If you are using a new AWS account or an account that has never used EC2 Spot Instances there are a set of IAM roles that are required on your account: AmazonEC2SpotFleetRole, AWSServiceRoleForEC2Spot and AWSServiceRoleForEC2SpotFleet. If you don’t have these roles on your AWS account, please follow the instructions here to create them.
This tutorial also makes use of the Default VPC of your AWS account. If your account doesn’t have a Default VPC, you can use your own VPC. In the last case, make sure your subnets meet the requirements documented here. It is also recommended that your VPC has a subnet mapped to each Availability Zone of the AWS region you are working on. You can run this tutorial on any AWS region where AWS Batch is available (you can find the list here).
|About this Tutorial|
|Cost||Less than $1|
|Products||AWS Batch, EC2 Spot Instances|
|Last Updated||February 10, 2020|
1.2 — We will use the standard batch console. If you see a page that says get started, click get started. Otherwise skip to step 2.

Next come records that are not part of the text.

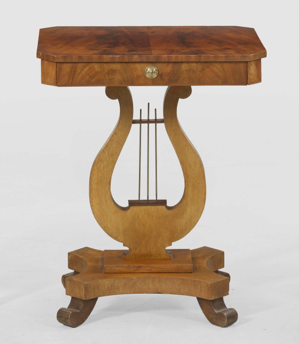 Biedermeier-Beistelltisch Mahagoni, furniert. Über konkav eingezogener Sockelplatte auf Volutenfüßen durchbrochen gestaltetes Lyraelement als Träger für einschübigen Zargenkasten mit angeschrägten Ecken sowie gering überstehender Deckplatte. H. 72,5 cm. 58 cm x 43 cm.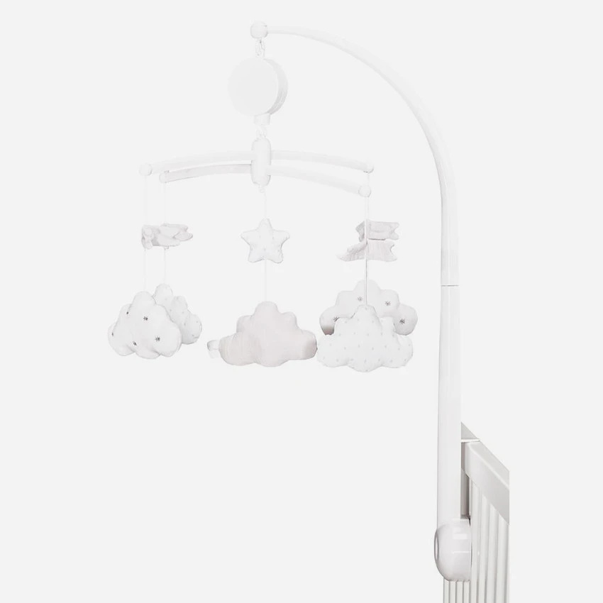 Le mobile Sauthon Lily Grey est destiné à stimuler l’ouïe et à éveiller bébé avec ses nuages suspendus.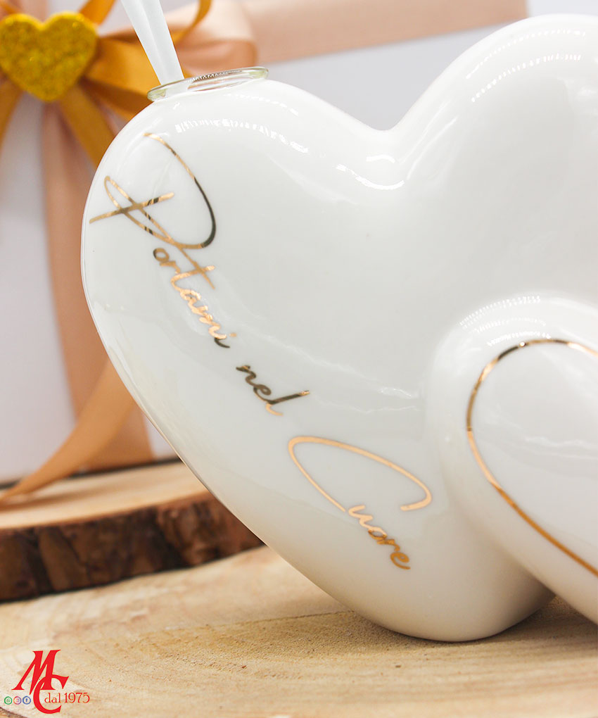 Un’idea regalo raffinata e profumata per celebrare momenti speciali. Questo elegante Bomboniera profumatore per ambiente a forma di cuore in porcellana bianca, misura 13,5 x 7 x 11 cm ed è impreziosito dalla scritta dorata “Portami nel Cuore”, un messaggio dolce e simbolico perfetto per emozionare chi lo riceve.
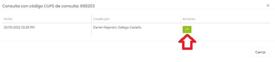 5. Si el código CUPS de la consulta que creamos inicialmente en la opción “Doc. Clínicos” corresponde al código CUPS del ítem del plan de tratamiento, el sistema le permitirá asociarlo y marcar como realizado haciendo clic en el botón verde “Asociar consulta médica”.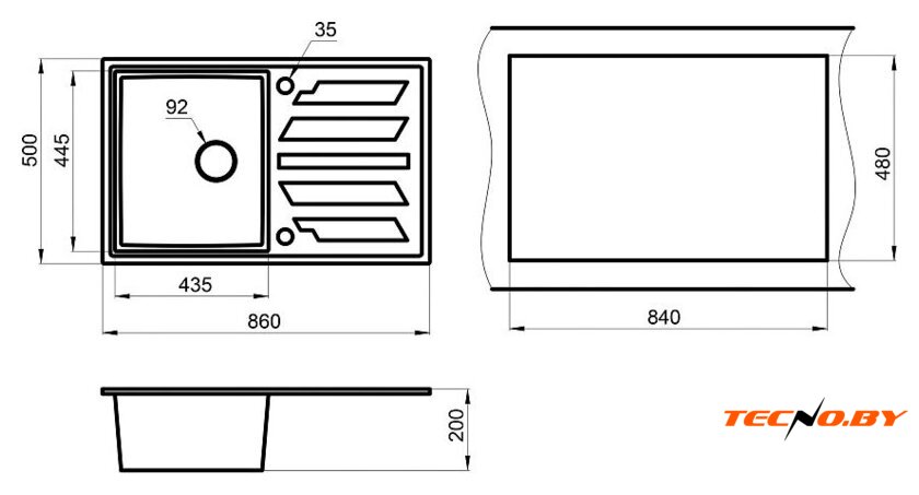врезная на столешницу, искусственный камень, размеры: 86x50 см, в шкаф 60 см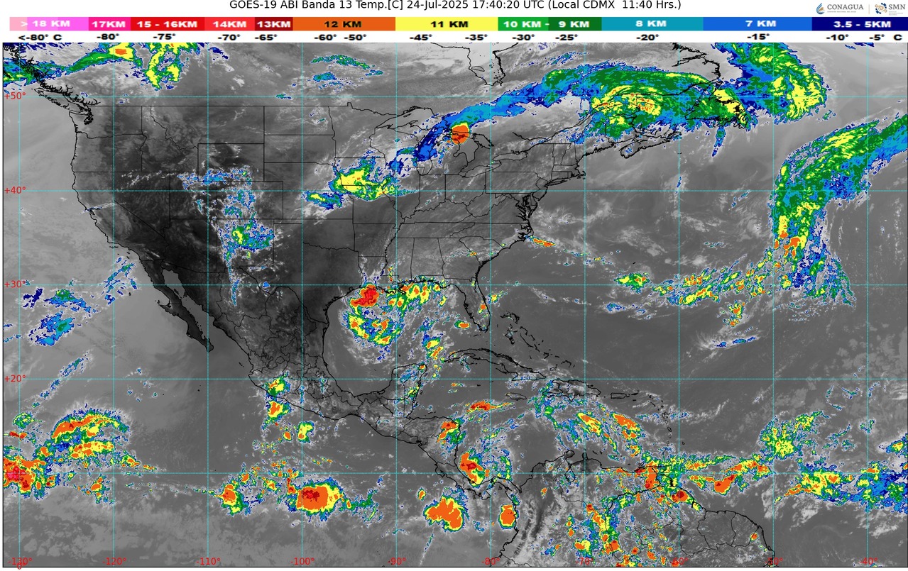 CDMX, 24 de julio del 2025.- Para hoy jueves, el monzón mexicano persistirá sobre el noroeste del territorio nacional y en interacción con una vaguada en altura producirán lluvias puntuales fuertes en Nayarit, Durango y Chihuahua; lluvias con intervalos de chubascos en Sinaloa; y lluvias aisladas en zonas de Sonora.
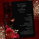 Programme de mariage floral rouge et noir gothique. Feuilles de feuille d'or fausses. Police de caractères script mise en valeur avec une police de nom serif facile à lire. Facile à adapter à vos propres besoins de mariage.
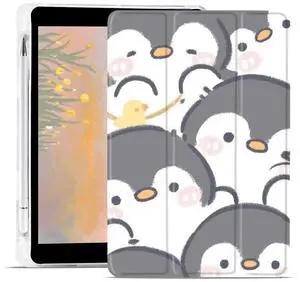 JOYLAND Cute Penguin Case for iPad Air 11 Inch M3 2025/M2 2024 with Pencil Holder, Clear TPU Foldable Smart Stand Back Cover, Auto Wake/Sleep Full Body Protection Shockproof Case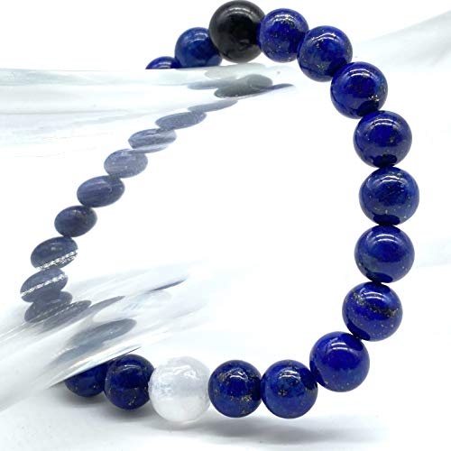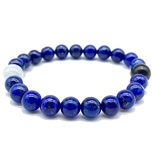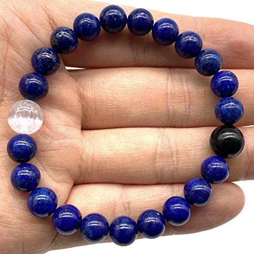 ABC GEMS USA - ايه بي سي جيمز سوار يين يانغ عالي الطاقة - شونجيت كريليان روسي وسيلينيت قوس قزح مغربي حجر لازورد افغانستان دائري ناعم 8 ملم خرز طاقة علاجية ، للنساء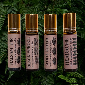 These oil rollers are made with quality essential oils in my signature blends: Root, Shield + Prosper, Forest Mist, Jera, and Third Eye. The carrier oil is coconut oil. Bottles are glass, 10ml, with a metal ball for oil application. ROOT: Lavender, Patchouli, Eucalyptus, Amethyst, Rose Qartz SHIELD + PROSPER: Pine, Atlas Cedar Wood, Peridot, Black Tourmaline FOREST MIST: Sandalwood, Patchouli, Texas Cedar Wood, Clove, Peridot, Carnelian, Black Tourmaline JERA (good fortune + abundance) : Bergamot, Orange, Cinnamon, Carnelian, Peridot THIRD EYE (meditation + spirit connect): Sandalwood, Cedar, Frankincense, Rainbow Moonstone, Amethyst Please only use this product if you are not sensitive or allergic to any of the ingredients.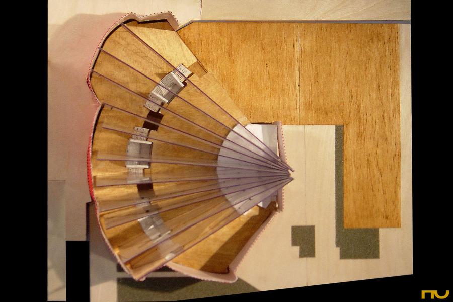addició, agrupació, asimetría, doble pell, edifici cultural, forma corba, fusta, polaritat,
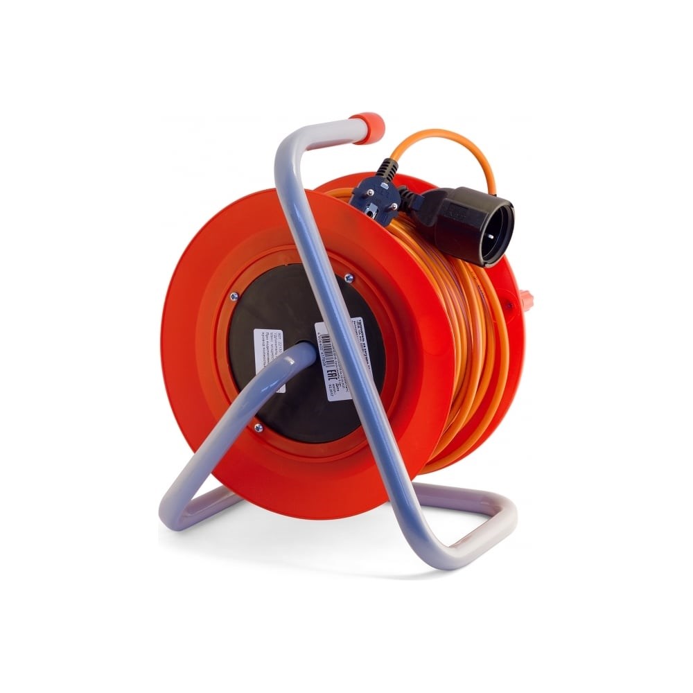 Силовой удлинитель на катушке К1-Е-40 ПВС 3x0.75 40м с заземлением LUX 4606400417613 является практичным и безопасным приспособлением для присоединения электрических приборов, которые расположены на удалении от основного источника сети. Провод ПВС 3х0,75 расположен на пластиковой катушке. Изделие отличается устойчивостью, благодаря металлической треноге с рукояткой для удержания удлинителя. На лицевой панели расположена ручка для сматывания провода после использования.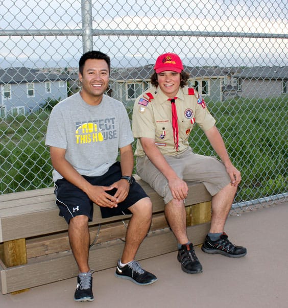 Read MoreRock Canyon High School’s tennis coach Manuel Gonzalez (left) and Eagle Scout Eric Stopps sit on one of the five new benches Stopps constructed for the school. By Elizabeth Wood West;…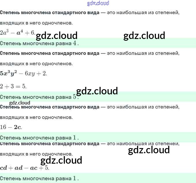 Ответы. §22. Многочлен и его стандартный вид  по Алгебре 7 класс Рабочая тетрадь Миндюк УМК  Часть 1, 2 Просвещение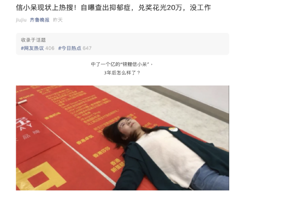最近社交网站上曝出了,曾经因为支付宝大奖花落,他家被称为中国锦鲤的信小呆,他被爆料自己快30岁没钱没工作,刷爆信用卡还被查出了抑郁倾向,短短的几个字概括了自己,在成为锦鲤女孩儿那容光一刻之后,瞬间坠入凡尘,如今一地鸡毛的自己生活现状,三年之前的那个夏天的2018年支付宝推出奖品金额高达1亿,寻找中国锦鲤的抽奖活动。那个时候的抽奖概率低到大概能考上1000次清华才能够中奖的概率,但使信小呆却意外的成为了那个几百年难遇的幸运儿。从这件事情之后,自己也从一个普通的国企职员变成了人人羡慕的锦鲤女孩,微博粉丝瞬间涨到百万,自己辞职办护照环游世界,但是亿元大奖并不是想象中的给现金,而是支付宝提供给他的价值1亿的优惠券。虽然有许多的过程是免费的,但是大部分的还是需要新小贷自己承担的费用,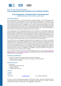 Die Arbeit findet in der Forschungsgruppe Elektromobilität und Lernfähige Systeme im Kontext eines laufenden Kooperationsprojekts mit der AUDI AG in Ingolstadt statt. Sie wird von Prof. Endisch vom Lehrstuhl für elektrische Antriebssysteme und Leistungselektronik (EAL) betreut. Es besteht grundsätzlich die Möglichkeit eine Forschungspraxis oder Semesterarbeit mit einer anschließenden Masterarbeit zu kombinieren. Studenten erwartet bei uns eine erstklassige Betreuung durch unsere wissenschaftlichen Mitarbeiter, die Möglichkeit zum akademischen Austausch mit Forschern aus diversen Fachrichtungen und eine sinnstiftende Tätigkeit. Dafür erwarten wir überdurchschnittliche Leistungen und Engagement, die Fähigkeit zur eigenverantwortlichen Forschungs- bzw. Entwicklungsarbeit sowie Lernbereitschaft und -fähigkeit.
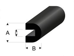 Raboesch profil gumový zaoblený 6x5mm s drážkou 2mm, délka 2m. Lze použít jako ochranu hran nebo soklovou lištu a další aplikace....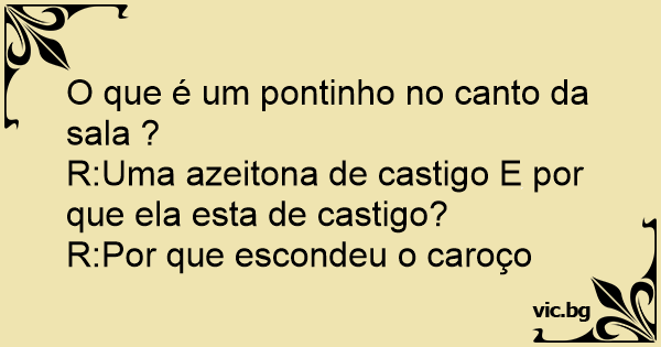 R:Uma azeitona de castigo E por que ela esta de castigo?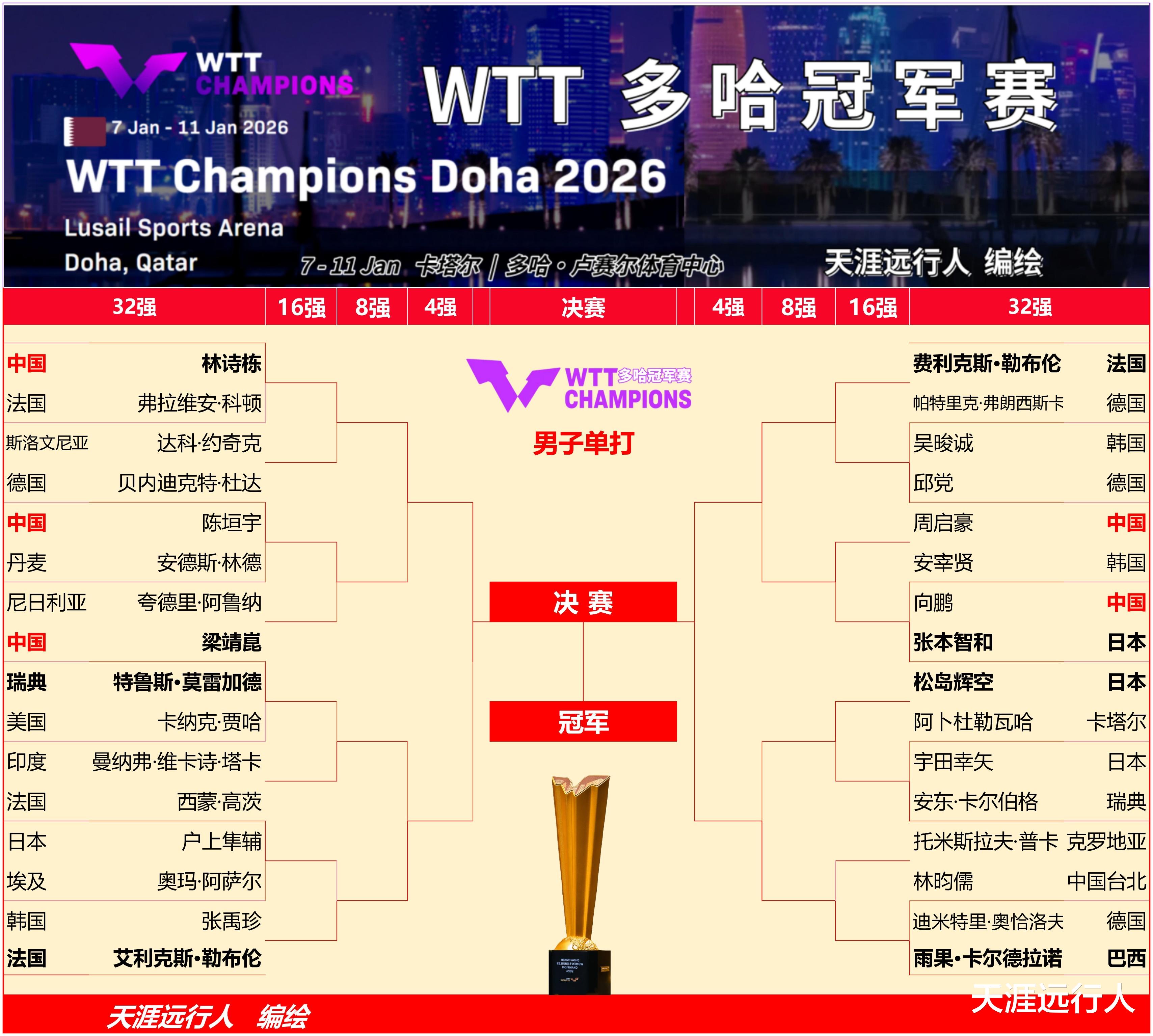 2026世界乒联WTT多哈冠军赛男子单打进程签表

1.3 — Click skip wizard. We will use the standard Batch console for the purpose of this tutorial.
You will now see the AWS Batch console.
1.4 — A compute environment is a set of compute resources that AWS Batch will use to place your jobs. To create one, click on the compute environments section on the left-hand side of the AWS Batch console and then click on the create environment button to open the compute environment creation wizard.
1.5 — On the compute environment type, leave the default selection to managed. This will create a compute environment managed by AWS Batch that will be automatically scaled out and scaled in as batch jobs are scheduled and compute capacity is needed.
Then, set up a compute environment name e.g. spot-compute-environment.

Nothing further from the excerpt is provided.